Skill combinations – Executive Core Qualifications

To give a feel for what the FLIGBY skillset comprises, we combined the 29 skills into the same five categories as those that one of the most widely-used such frameworks employs, the so-called Executive-Core-Qualifications-(ECQ)-system. The ECQ system is the standard for measuring the skills and competencies of applicants for high-level positions in the US federal government. The ECQ system defines the competencies supposedly needed to build an organizational culture that drives for results, serves customers well, and makes successful teams and coalitions within and outside the organization:

Major categories in the Executive Core Qualifications (ECQ) System

The 29 FLIGBY skills well cover all five critical skills categories in the ECQ system:

Five major ECQ system categories covered by FLIGBY's 29 leadership skills

Since companies, government agencies, and NGOs operate in different industries, purposes, and business contexts, they often identify specific management/leadership competencies. Organizational success typically requires a contextually different blend of skills. Each such “blend” can be custom-made from the FLIGBY 29.
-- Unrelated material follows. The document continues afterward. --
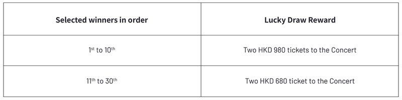 [36] The show date(s) and seat(s) of the Ticket Reward will be distributed randomly. Winners are not allowed to selected specific show date(s) and seat(s), and we do not guarantee adjacent seats will be provided. No exchange will be allowed for dates, seats and ticket price category of the concert ticket.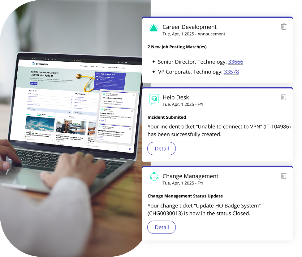 40% of an employee’s productivity is lost switching between apps. Accomplish more by accessing information across tools, workflows, and more from an intuitive, AI-powered digital assistant chatbot.

The applied significance of this capability to recombine the 29 skills into different categories, as needed, is that playing FLIGBY makes it possible to determine the current skill profiles of an organization’s current and prospective management group. This way, it is thus possible to identify skill gaps. And if the Game were to be played repeatedly at, say, annual intervals, it would provide a baseline and a planning tool for improvement, yielding helpful information to strategic HRM and corporate strategists on the direction in which individuals and the group’s leadership capability has changed and needs to be changed to accomplish the agreed strategy better. It is important to note that the 29 skills measured by FLIGBY can be regrouped along with any other categorization of leadership skills.

Given that the incompatibility of organizational cultures is often a fundamental cause of merger failure, predictive people analytics can be part of a cultural due diligence process, helping to detect the risks arising from organizational skill gaps and creating the right remedial strategies.

The large and uniquely unbiased leadership-skill databank generated by FLIGBY’s players supports new types of academic and practice-oriented research on leadership. FLIGBY’s contribution here is the impartial nature of the skills-data-observations generated by its players.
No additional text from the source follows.